Introduction, Aim: Recently, the human regenerative medicine has been departing from the use of xenogeneic materials for the possibility of zoonosis transfer and development of prion infection. We have focused our research on cultivation of dental pullp stem cells (DPSC) from human exfoliated deciduous teeth (SHED) in a medium with lowered concentration of fetal calf serum (FCS), which decreases the chances of the above mentioned negative impacts on the cultivated cell population.

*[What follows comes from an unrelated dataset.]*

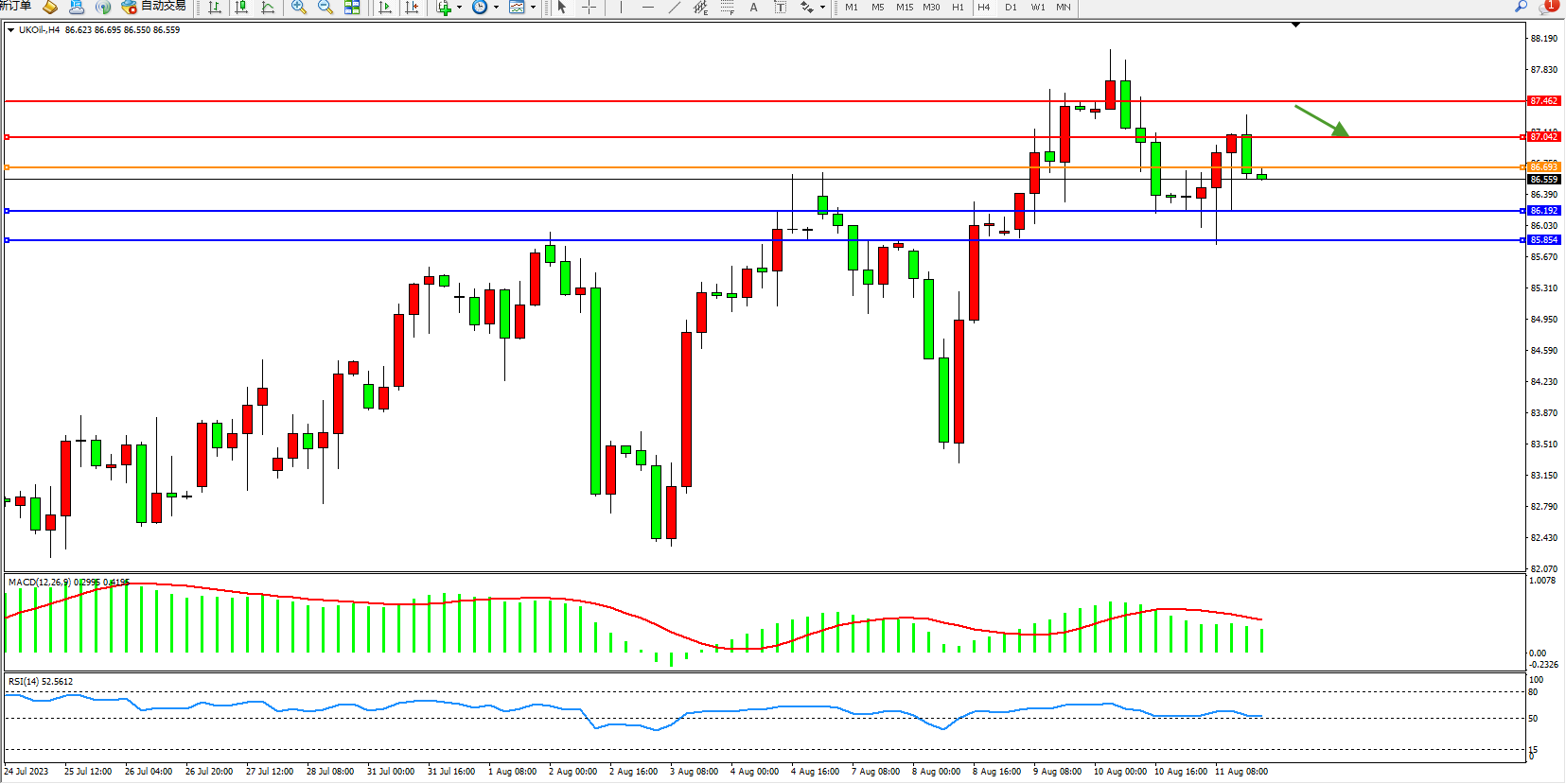 布油UKOil——4小时K线图显示:

In 2011, Karbanova et. al. have shown that the DPSCs from impacted third molar can be viably cultured in a xenogeneic medium containing as little as 2% FCS. Our hypothesis, that SHED should react similarly to isolation and cultivation methods as DPSCs, follows from their similarities in the place of origin and their niches.
Method: We have tested this hypothesis on three lineages of SHED from varying donours. The SHED were seeded onto cultivation dishes containing the test medium of 2% of FCS.
The cells were then continuously expanded until the Hayflick Limit, the proof of "stemness". Following the proliferation potential test, we have examined the phenotype of the cultured undifferentiated cells which expressed high positivity of the mesenchymal stem cell (MSC) surface markers, which agrees with the characteristic SHED phenotype.
After we have audited the impact of the isolation and cultivation methods, we have proceeded to test their differentiation potential by seeding the cultured SHED into various differentiation media. The SHED have successfully differentiated into all the targeted unipotent tissue and cell types, namely: osteoblasts, chondrocytes, endothelocytes, myofibroblasts and neural cells.
Results: Our data shows that the SHED cultured in low-xenogeneic-serum medium, unlike the SHED cultured in high-xenogeneic-serum media, express lowered positivity of the same surface markers.